What is being asked -> Reproduce exactly the lines from the start of the records through the line containing "Tijdens de ondersteunersbijeenkomst", both included. Leave the pictures out.

--------------------------------------------------

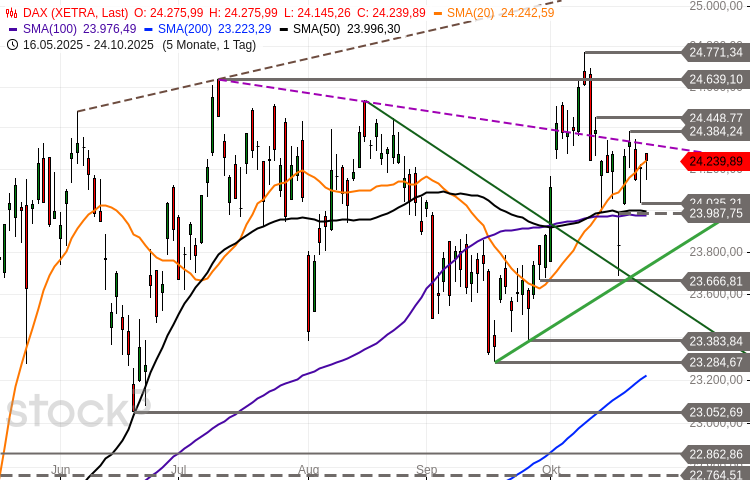 Der DAX pendelte am Freitag um den Vortagesschluss in einer Range von 24.145 Punkten bis 24.276 Punkten. Mit 24.240 Punkten schloss er mit einem Tagesplus von 32 Punkten.
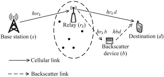 Consider a cooperative AmBC system with the coexistence of cellular and backscatter links [,], as illustrated in Figure 1. The cellular link employs opportunistic DF relaying transmission, while the backscatter link employs ambient backscatter transmission. The backscatter device (b) shares the same spectrum and receiver with the cellular link. The cellular link consists of a base station (s), K relays (), and a destination (d). Each node is equipped with a single antenna. We assume that there is no direct link between s and d due to obstacles. The wireless channel between node i (s, , ⋯, , b) and node j (, ⋯, , b, d) is modeled as an independent complex Gaussian random variable with zero mean and variance , i.e., . Thus, the channel gain follows exponential distribution with probability density function (PDF) . For analysis simplicity, we assume that all relays are located close to one another (optimal clustering) [,], which implies , , and , .
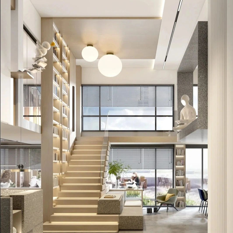 外觀上,復(fù)式辦公室可以將每個(gè)空間相結(jié)合,添加一些溫馨特點(diǎn)的設(shè)計(jì),多出來的區(qū)域可以加一個(gè)小的辦公室,或者設(shè)計(jì)成休閑區(qū)或者洽談接待室,都是不錯(cuò)的選擇。樓梯可以使用鐵踏板和鐵欄桿,可以展示復(fù)式辦公室的獨(dú)特設(shè)計(jì),成為整個(gè)辦公室最美麗的風(fēng)景。
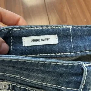 The Jennie Big T Straight Jean is a must-add to your denim collection. This mid rise curvy straight fit jean for women prevents gaping at the waistband and is specially designed to maximize shape retention throughout the day. Featuring fading, 3D whiskering, and contrast Big T stitching. Finished with our signature horseshoe detailing along the back pockets and a cool cropped hem.
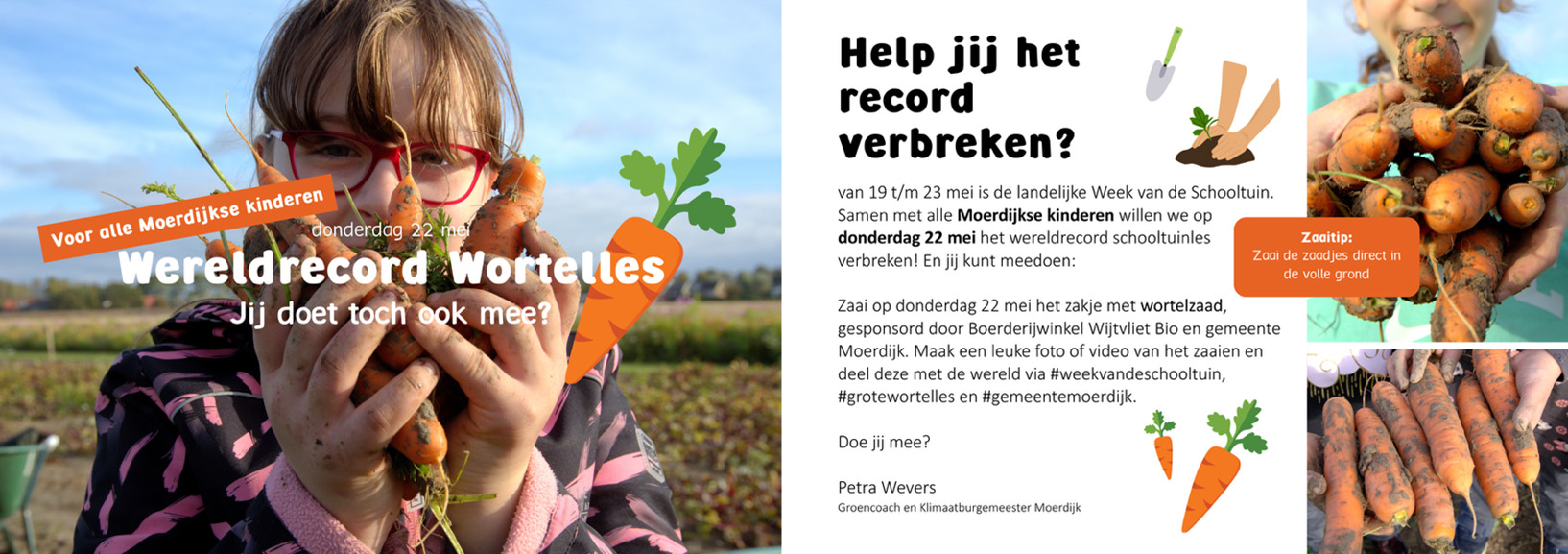 Tijdens de ondersteunersbijeenkomst van de Alliantie Schooltuinen ontstond bij Petra het idee om álle kinderen van Moerdijk uit te dagen mee te doen aan de wereldrecordpoging wortelles. Door zelf te zaaien, verzorgen en oogsten ontdekken kinderen dat groenten niet uit de supermarkt komen, maar met veel zorg geteeld worden door onze boeren. Het project sluit aan bij thema’s als natuurbeleving, duurzaamheid en gezonde voeding. Thema’s waar bij Petra, als klimaatburgemeester, haar focus ligt en hoopt jong en oud in Moerdijk te inspireren.
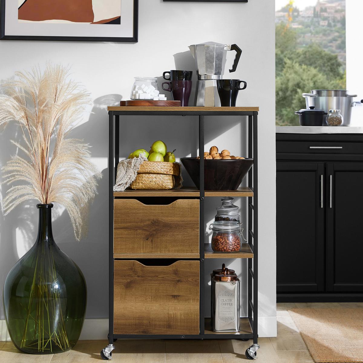 This Industrial Vintage Style Serving Trolley creates a distinctive and modern atmosphere and adds more storage space to your home. The top and 3 shelves below provide ample storage space for the items you might need in reach. 2 drawers offer additional storage space for you. With 4 wheels (2 with brakes), you can move the trolley around your home easily. Made of high quality particle board with wooden effect and black powder coated steel frame. Stylish and functional, this trolley is perfect for your kitchen, living room and other places that need extra organization.
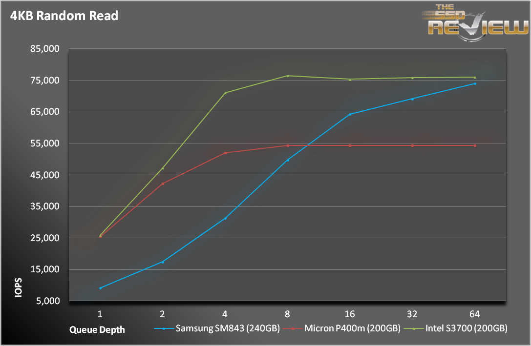 The SM843 showed really consistent write performance at all queue depths. It was a little surprising that the SM843 struggled at lower queue depths for read operations. It took a queue depth of 64 for the SM843 to catch up with the S3700.
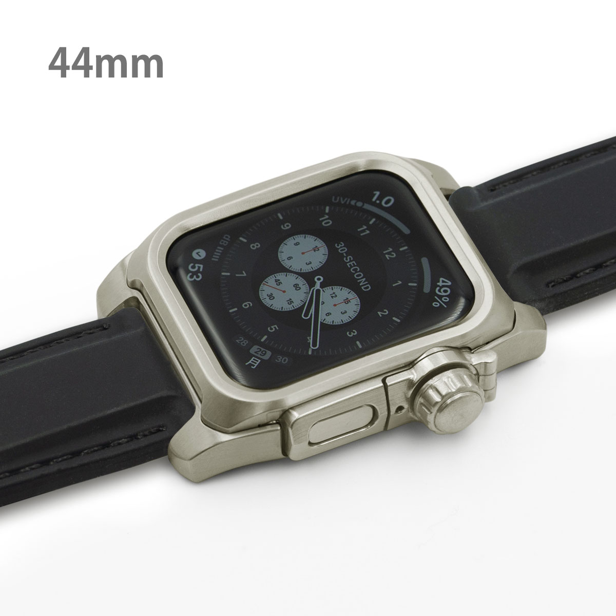 ■チタニウム削り出し ・シリコンラバーバンド ・観音開きバックル ・ネジ材質:ステンレススチール ・心電図App対応ボタンパーツ ※機器本体は付属しません Apple Watch SE Apple Watch Series 4 Apple Watch Series 5 Apple Watch Series 6 44mm専用モデル EDITION(セラミックモデルは非対応)
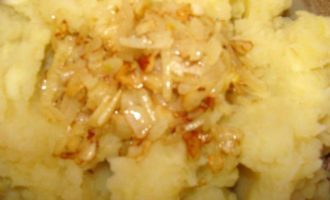Гарнир 2: Картофель отварить, сделать пюре. 1/2 зеленого яблока очистить от кожуры, потереть на мелкой терке, смешать с пюре. Лук и чеснок обжарить, можно вместе с беконом, но я посчитала это лишним, и добавить в пюре. Перемешать.
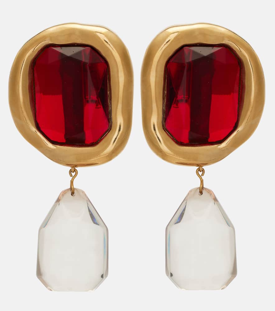 The Givenchy Embellished drop earrings is expertly crafted using material: brass, crystal. made in italy. item color: gold, red. closure: clip-on. — ensuring durability and an unmistakable touch of elegance. Its meticulous construction speaks to Givenchy’s dedication to quality and distinctive design.
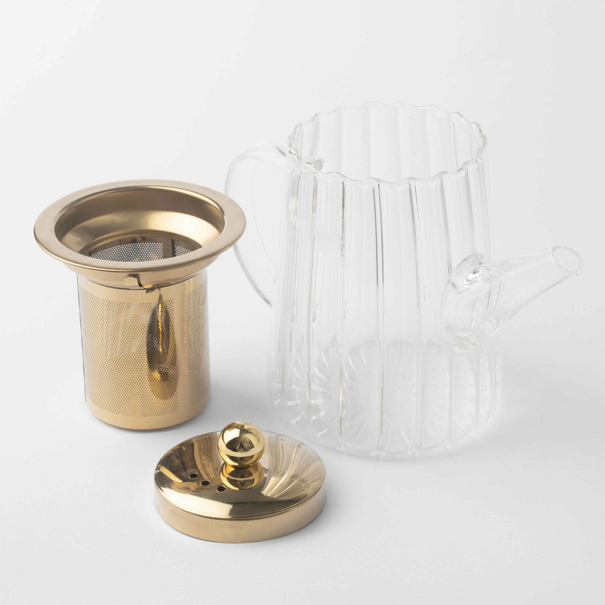 Купить Чайник заварочный, Kuchenland, 600 мл, стекло Б/сталь, золотистый, Camellia gold с доставкой по всей России.
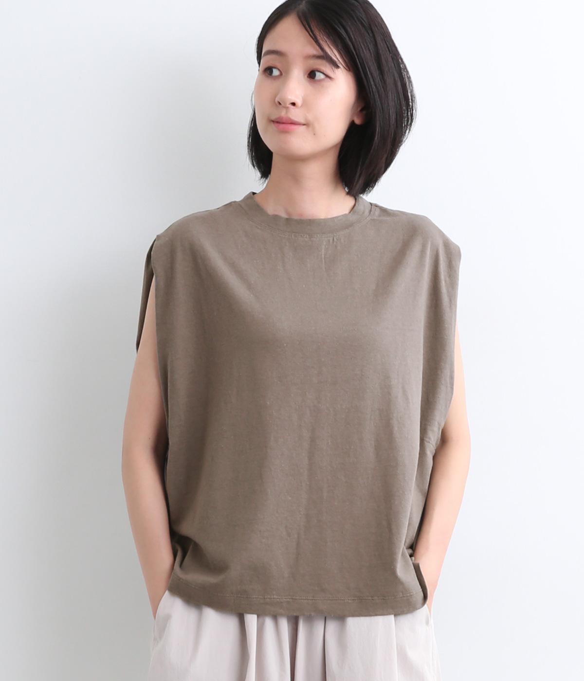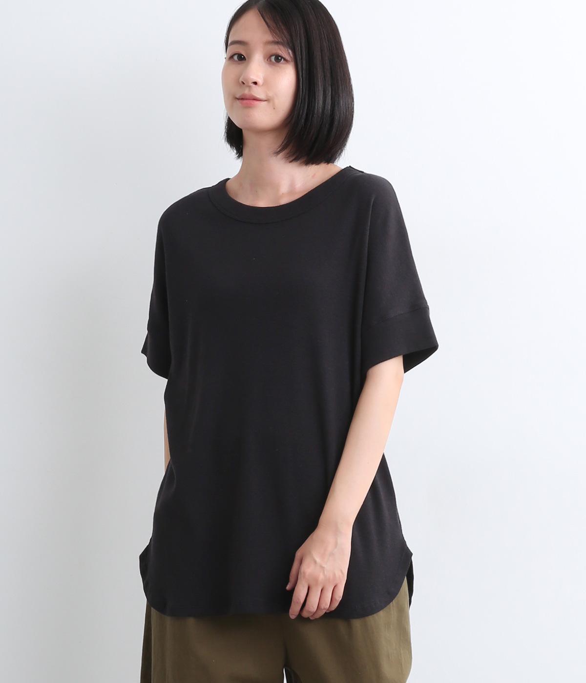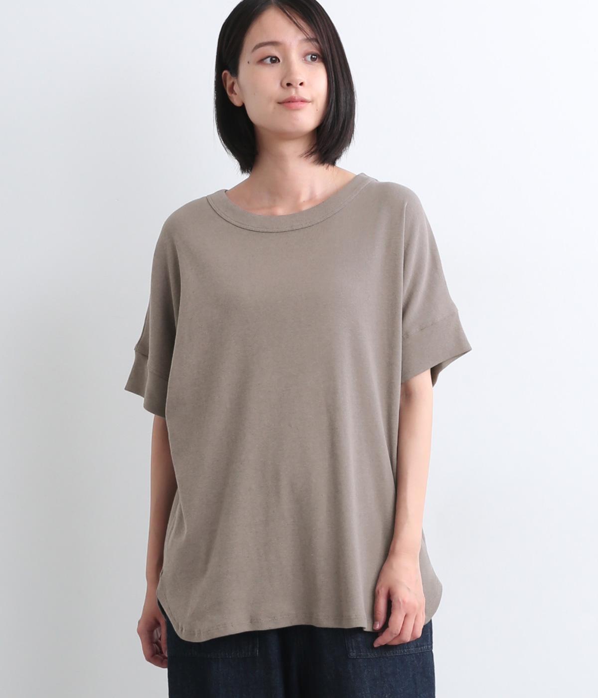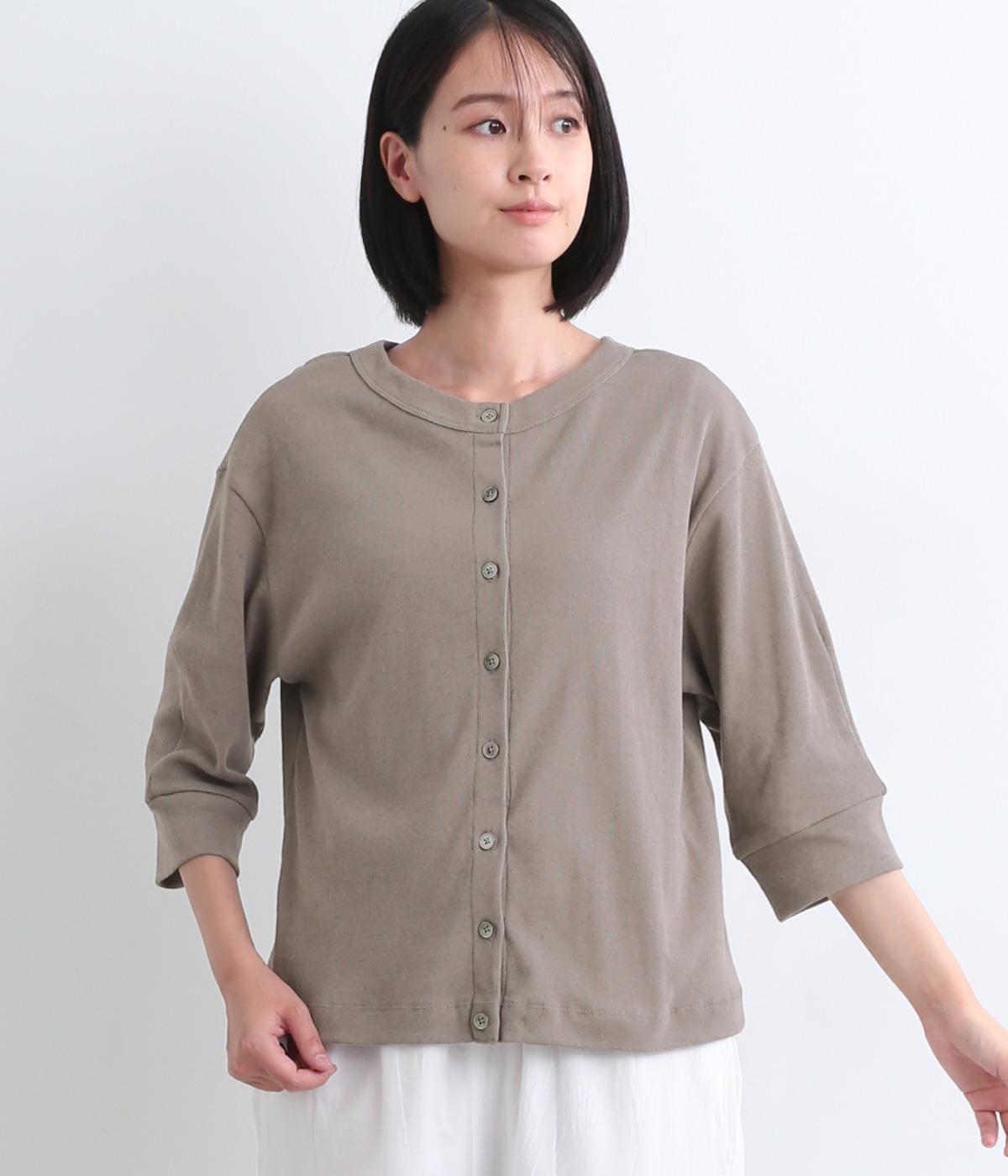 五者混天竺編みドルマン9分袖ニットライトブラウン

--------------------------------------------------

Answer area ->
 Der DAX pendelte am Freitag um den Vortagesschluss in einer Range von 24.145 Punkten bis 24.276 Punkten. Mit 24.240 Punkten schloss er mit einem Tagesplus von 32 Punkten.
 Consider a cooperative AmBC system with the coexistence of cellular and backscatter links [,], as illustrated in Figure 1. The cellular link employs opportunistic DF relaying transmission, while the backscatter link employs ambient backscatter transmission. The backscatter device (b) shares the same spectrum and receiver with the cellular link. The cellular link consists of a base station (s), K relays (), and a destination (d). Each node is equipped with a single antenna. We assume that there is no direct link between s and d due to obstacles. The wireless channel between node i (s, , ⋯, , b) and node j (, ⋯, , b, d) is modeled as an independent complex Gaussian random variable with zero mean and variance , i.e., . Thus, the channel gain follows exponential distribution with probability density function (PDF) . For analysis simplicity, we assume that all relays are located close to one another (optimal clustering) [,], which implies , , and , .
 外觀上,復(fù)式辦公室可以將每個(gè)空間相結(jié)合,添加一些溫馨特點(diǎn)的設(shè)計(jì),多出來的區(qū)域可以加一個(gè)小的辦公室,或者設(shè)計(jì)成休閑區(qū)或者洽談接待室,都是不錯(cuò)的選擇。樓梯可以使用鐵踏板和鐵欄桿,可以展示復(fù)式辦公室的獨(dú)特設(shè)計(jì),成為整個(gè)辦公室最美麗的風(fēng)景。
 The Jennie Big T Straight Jean is a must-add to your denim collection. This mid rise curvy straight fit jean for women prevents gaping at the waistband and is specially designed to maximize shape retention throughout the day. Featuring fading, 3D whiskering, and contrast Big T stitching. Finished with our signature horseshoe detailing along the back pockets and a cool cropped hem.
 Tijdens de ondersteunersbijeenkomst van de Alliantie Schooltuinen ontstond bij Petra het idee om álle kinderen van Moerdijk uit te dagen mee te doen aan de wereldrecordpoging wortelles. Door zelf te zaaien, verzorgen en oogsten ontdekken kinderen dat groenten niet uit de supermarkt komen, maar met veel zorg geteeld worden door onze boeren. Het project sluit aan bij thema’s als natuurbeleving, duurzaamheid en gezonde voeding. Thema’s waar bij Petra, als klimaatburgemeester, haar focus ligt en hoopt jong en oud in Moerdijk te inspireren.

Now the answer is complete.